=== Begin Enclosure ===

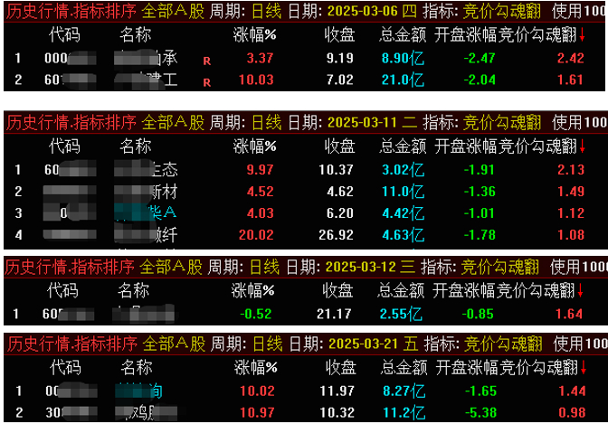 竞价勾魂翻的指标套装包含副图指标、排序指标和选股指标,本思路为短线低吸思路;
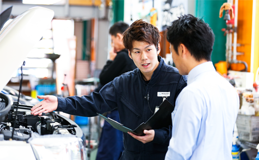 立ち合い説明とは、お客様に工場内へお入りいただき、整備士とお車の状態を見ながら整備内容をご説明させていただくものです。その際、部品に関しても整備士とご相談いただき、決めることが可能です。ご予算等のご相談もお気軽にご質問ください!
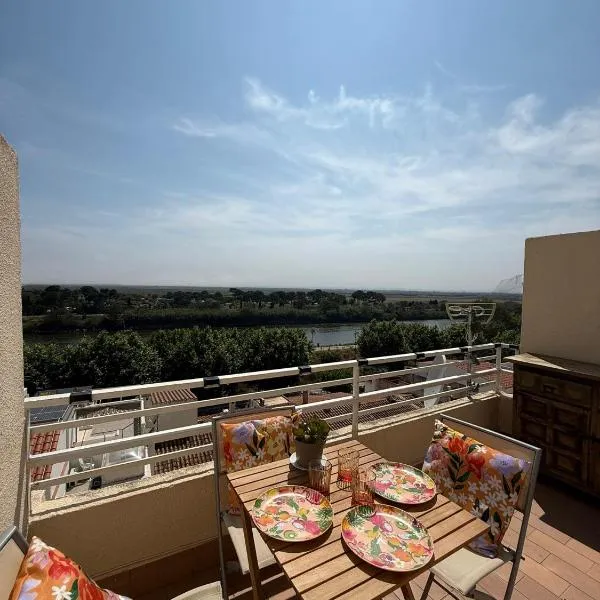 Boasting air-conditioned accommodation with a pool with a view, Vue Panoramique sur la Mediterrannée, appartement sur canal & proche plage is situated in Roses.
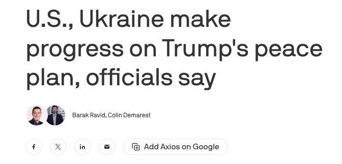 Представители Украины и США в Женеве достигли прогресса по предложенному президентом США плану урегулирования, сообщает Axios со ссылкой на источники в обеих странах
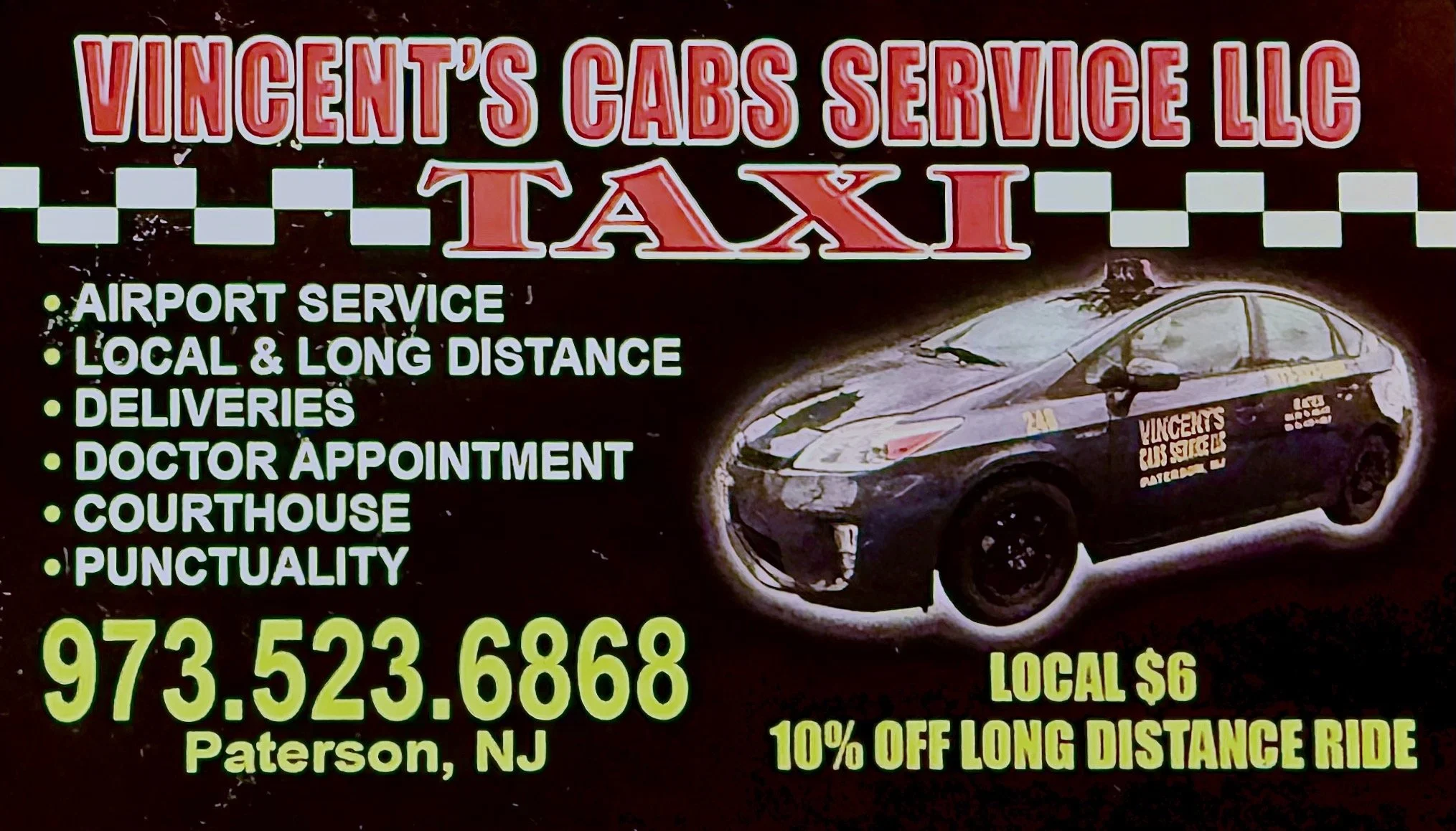 Vincent’s Cabs Service is our taxicab service, and you can reach us 24/7 in the Passaic County area of New Jersey.
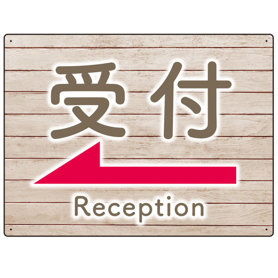 和み系木目調デザイン オリジナル プレート看板 受付/左矢印 W600×H450 マグネットシート (SP-SMD503L-60x45M)
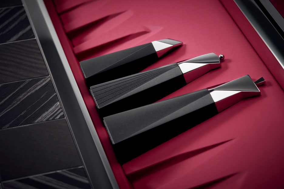 Эмблемы Spirit of Ecstasy украшают переднюю и заднюю стенки набора, а дополнительные королевы хранятся в незаметных ящичках. Элегантный набор доступен для заказа в шоу-румах и частных офисах Rolls-Royce по всему миру.
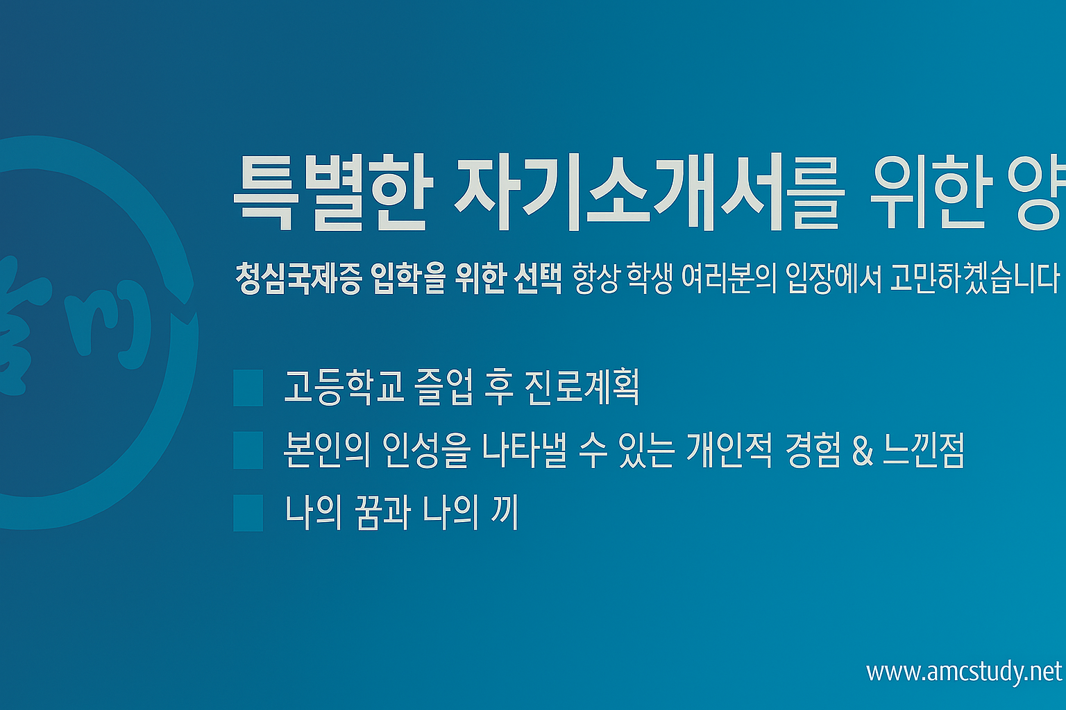 저희 amc학원은 청심 국제중학교 입학을 위하여 지금까지 다양한 자소서 준비를 해왔습니다.
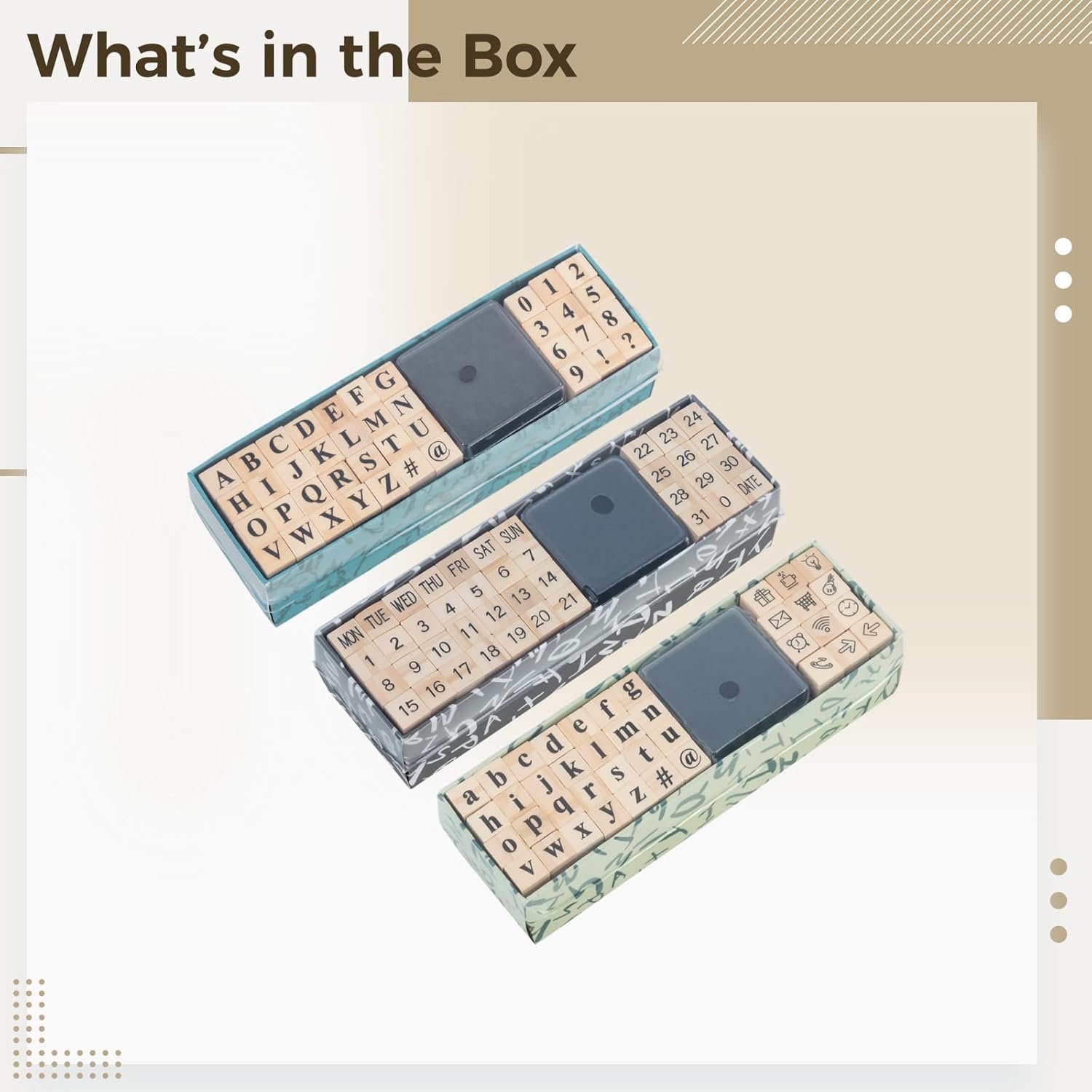 Kit all-inclusive: quaranta timbri in gomma in legno (ventisei lettere, dieci numeri, quattro simboli); tampone di inchiostro incluso; confezionato in una scatola colorata; ideale per uso domestico o in classe; facile da installare per il fai da te Apprendimento coinvolgente: interazione pratica con lettere e numeri; supporta l'educazione della prima infanzia; aumenta il riconoscimento delle lettere e le abilità della lingua inglese; rende l'apprendimento divertente e interattivo Design retrò a macchina da scrivere: carattere maiuscolo per una chiara visibilità; crea stampe nitide e pulite; dona ai progetti un tocco vintage; per vari lavori di artigianato con la carta Creazioni personalizzate: aggiungi messaggi unici a biglietti, inviti, etichette e regali; personalizza diari e album di ritagli; porta un tocco personale all'artigianato fatto a mano Design adatto ai bambini: legno liscio e naturale con testine in gomma per stampe dettagliate; design leggero (87,8 g) per mani piccole; la scatola blu stampata offre una comoda conservazione
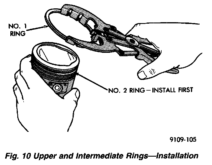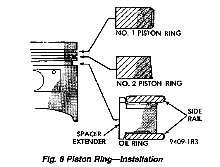 1. The No. 1 and No. 2 piston rings have a different cross section. Install rings with manufacturers mark and size mark facing up, to the top of the piston (Fig. 8).
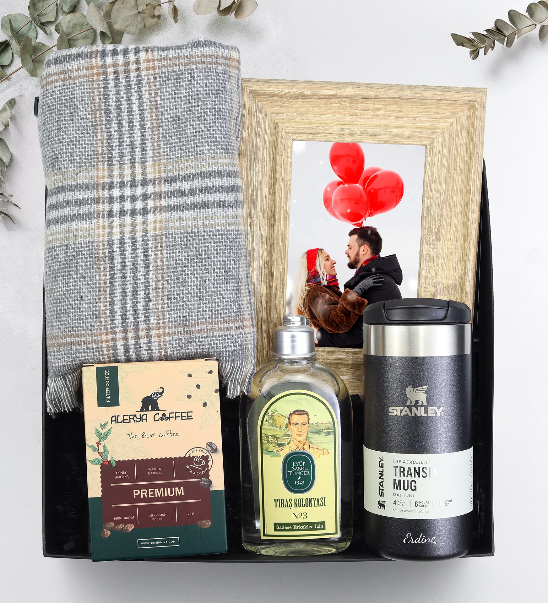 Set içeriği: 1 Adet 0,35L Stanley & 1 Adet Kalın Şal & 1 Adet Eyüp Sabri Tuncer Tıraş Kolonyası & 1 Adet Dokulu Çerçeve & 1 Adet Alerya Filtre Kahve
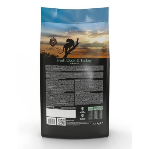 Mūsų Ambrosia Fresh Duck & Turkey receptas sujungia baltymų turtingas šviežias ančių filė su maistinėmis medžiagomis prisotinta džiovinta kalakutiena, derinama su kruopščiai pasirinktais vaisiais ir daržovėmis. Specialiai sukurtas jautrioms suaugusioms katėms, gyvenančioms viduje, šis receptas taip pat puikiai tinka sterilizuotoms ir antsvorio turinčioms katėms. Jame yra mažai riebalų, kas padeda užkirsti kelią svorio augimui, taip pat DL-methioninas ir mažas magnio kiekis, kurie padeda sumažinti struvitų akmenų susidarymo riziką.
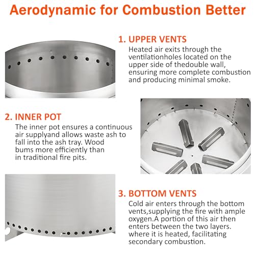 ????????Smokeless and Efficient Burn?This fire pit feeds more oxygen into the burning process and accelerates secondary flame generation to burn off smoke particles before it gets to your clothes and hair. Completely get rid of the inconvenience of a smoky flame, and enjoy your time outside.
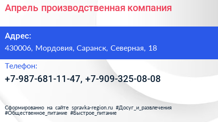 Апрель, производственная компания по адресу 430006, Мордовия, Саранск, Северная, 18 в дальнейшем Организация, размещена в следующих категориях:
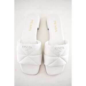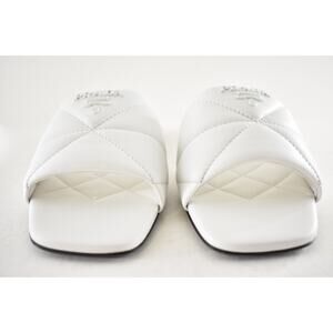 Prada White 55mm Quilted Nappa Leather Logo Slide Sandal Flat Sabots Mule 39

=== End Enclosure ===

Starting at the line with "저희 amc학원은 청심" and finishing at the line with "Kit all-inclusive: quaranta", copy the material above exactly, both lines included. Nothing else goes in, and no pictures.

 저희 amc학원은 청심 국제중학교 입학을 위하여 지금까지 다양한 자소서 준비를 해왔습니다.
 Kit all-inclusive: quaranta timbri in gomma in legno (ventisei lettere, dieci numeri, quattro simboli); tampone di inchiostro incluso; confezionato in una scatola colorata; ideale per uso domestico o in classe; facile da installare per il fai da te Apprendimento coinvolgente: interazione pratica con lettere e numeri; supporta l'educazione della prima infanzia; aumenta il riconoscimento delle lettere e le abilità della lingua inglese; rende l'apprendimento divertente e interattivo Design retrò a macchina da scrivere: carattere maiuscolo per una chiara visibilità; crea stampe nitide e pulite; dona ai progetti un tocco vintage; per vari lavori di artigianato con la carta Creazioni personalizzate: aggiungi messaggi unici a biglietti, inviti, etichette e regali; personalizza diari e album di ritagli; porta un tocco personale all'artigianato fatto a mano Design adatto ai bambini: legno liscio e naturale con testine in gomma per stampe dettagliate; design leggero (87,8 g) per mani piccole; la scatola blu stampata offre una comoda conservazione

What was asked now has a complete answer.